Work instruction:
In the entries below, find the line with "Charles IV (1788-1808)." and the line with "Дамски обувки на"; copy them and every line between them exactly, but not the pictures.

Records for the exercise:
----
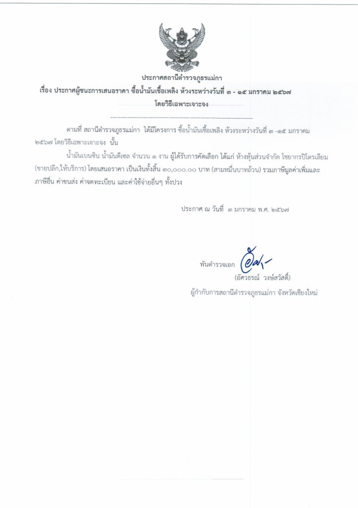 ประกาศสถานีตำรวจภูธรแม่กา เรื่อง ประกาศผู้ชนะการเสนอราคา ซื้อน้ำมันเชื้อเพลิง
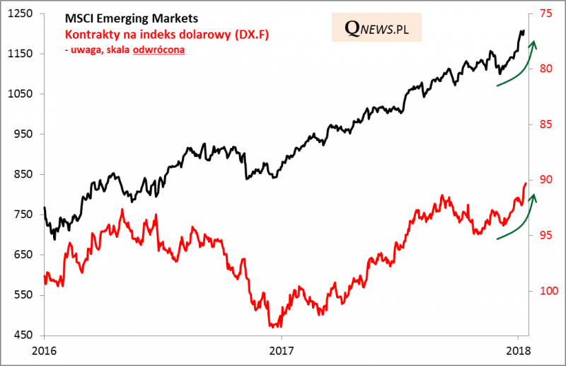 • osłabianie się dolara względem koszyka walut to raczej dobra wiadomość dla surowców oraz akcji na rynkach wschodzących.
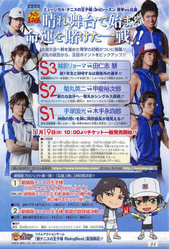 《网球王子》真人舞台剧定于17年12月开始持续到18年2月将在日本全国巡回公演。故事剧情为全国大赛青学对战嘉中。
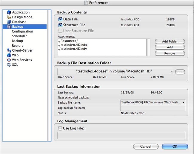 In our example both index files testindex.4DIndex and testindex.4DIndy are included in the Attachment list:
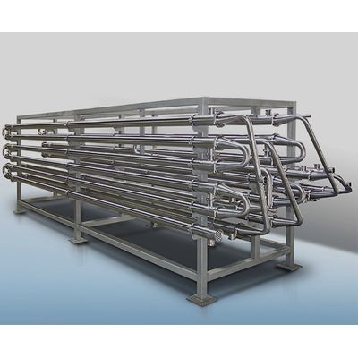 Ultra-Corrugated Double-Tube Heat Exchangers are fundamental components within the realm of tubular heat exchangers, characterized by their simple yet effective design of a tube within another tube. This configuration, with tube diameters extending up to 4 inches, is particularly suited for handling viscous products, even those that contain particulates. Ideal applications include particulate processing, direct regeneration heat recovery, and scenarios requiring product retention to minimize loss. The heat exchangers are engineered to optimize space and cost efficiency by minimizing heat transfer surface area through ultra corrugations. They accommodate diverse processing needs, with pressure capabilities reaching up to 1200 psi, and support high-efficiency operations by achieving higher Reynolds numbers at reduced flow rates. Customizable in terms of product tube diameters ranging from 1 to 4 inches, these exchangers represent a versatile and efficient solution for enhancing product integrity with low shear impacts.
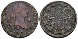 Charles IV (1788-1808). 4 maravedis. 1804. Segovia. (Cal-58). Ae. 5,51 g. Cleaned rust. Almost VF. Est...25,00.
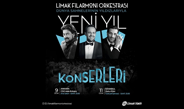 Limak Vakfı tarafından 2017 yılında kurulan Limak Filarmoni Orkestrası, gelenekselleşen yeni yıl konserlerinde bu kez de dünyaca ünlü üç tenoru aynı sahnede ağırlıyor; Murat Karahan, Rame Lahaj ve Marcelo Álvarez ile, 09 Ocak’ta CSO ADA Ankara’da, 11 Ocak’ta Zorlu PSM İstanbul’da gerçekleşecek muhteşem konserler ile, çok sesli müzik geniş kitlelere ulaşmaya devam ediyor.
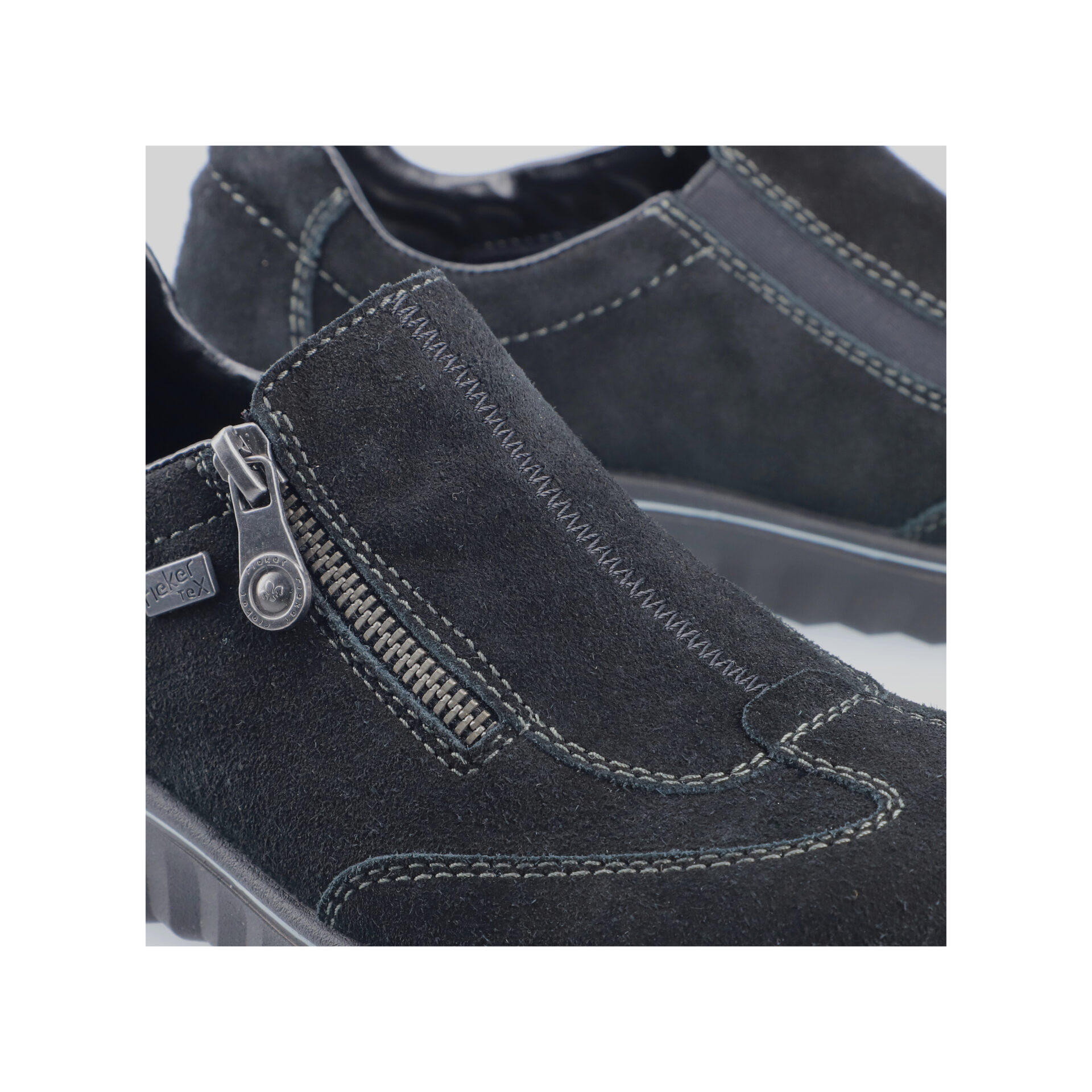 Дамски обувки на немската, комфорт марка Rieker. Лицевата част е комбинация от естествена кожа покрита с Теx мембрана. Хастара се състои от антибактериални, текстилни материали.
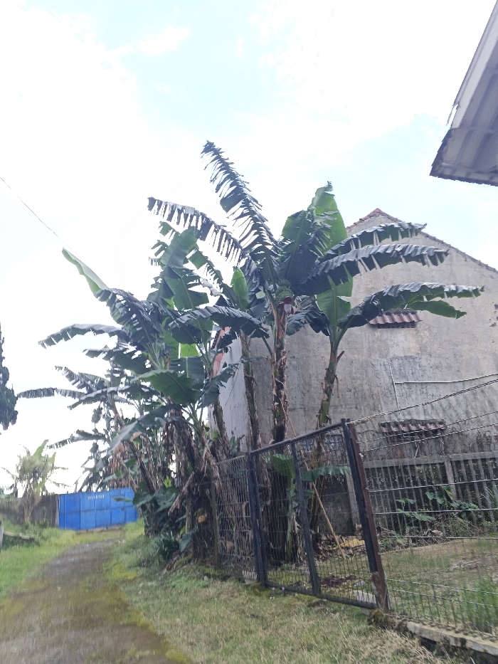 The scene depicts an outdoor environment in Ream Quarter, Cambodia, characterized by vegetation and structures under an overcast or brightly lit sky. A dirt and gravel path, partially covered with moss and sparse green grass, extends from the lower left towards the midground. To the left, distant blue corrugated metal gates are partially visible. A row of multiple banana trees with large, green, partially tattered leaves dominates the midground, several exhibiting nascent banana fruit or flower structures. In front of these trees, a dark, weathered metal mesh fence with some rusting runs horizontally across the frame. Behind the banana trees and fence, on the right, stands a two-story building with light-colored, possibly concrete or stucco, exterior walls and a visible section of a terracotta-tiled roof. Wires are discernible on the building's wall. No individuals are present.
----
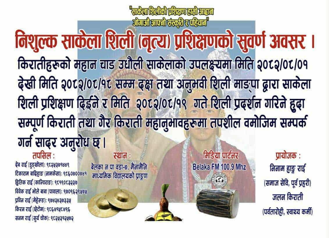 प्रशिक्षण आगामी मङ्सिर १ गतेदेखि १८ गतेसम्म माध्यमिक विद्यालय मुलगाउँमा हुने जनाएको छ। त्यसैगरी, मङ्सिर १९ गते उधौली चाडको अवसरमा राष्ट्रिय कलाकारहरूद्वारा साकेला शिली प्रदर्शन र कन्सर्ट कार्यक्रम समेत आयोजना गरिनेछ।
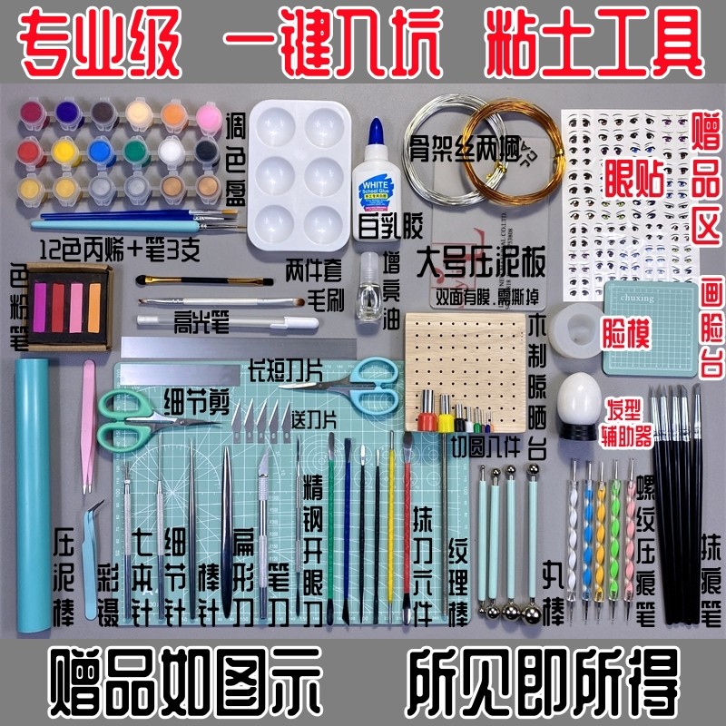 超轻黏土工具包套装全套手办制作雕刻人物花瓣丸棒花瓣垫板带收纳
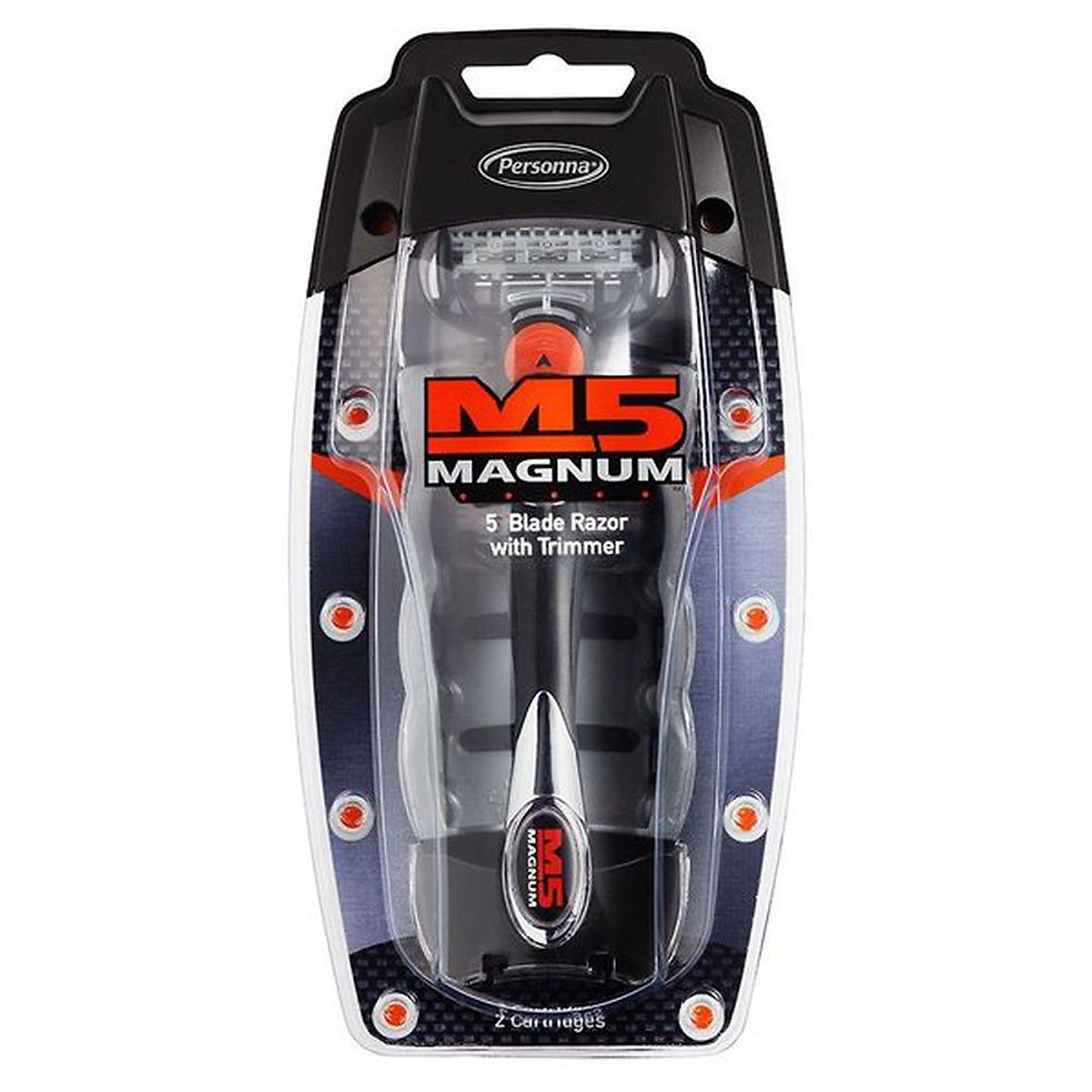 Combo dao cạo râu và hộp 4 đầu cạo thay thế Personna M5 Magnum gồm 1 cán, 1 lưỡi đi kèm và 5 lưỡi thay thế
----
Exercise response:
 Charles IV (1788-1808). 4 maravedis. 1804. Segovia. (Cal-58). Ae. 5,51 g. Cleaned rust. Almost VF. Est...25,00.
 Limak Vakfı tarafından 2017 yılında kurulan Limak Filarmoni Orkestrası, gelenekselleşen yeni yıl konserlerinde bu kez de dünyaca ünlü üç tenoru aynı sahnede ağırlıyor; Murat Karahan, Rame Lahaj ve Marcelo Álvarez ile, 09 Ocak’ta CSO ADA Ankara’da, 11 Ocak’ta Zorlu PSM İstanbul’da gerçekleşecek muhteşem konserler ile, çok sesli müzik geniş kitlelere ulaşmaya devam ediyor.
 Дамски обувки на немската, комфорт марка Rieker. Лицевата част е комбинация от естествена кожа покрита с Теx мембрана. Хастара се състои от антибактериални, текстилни материали.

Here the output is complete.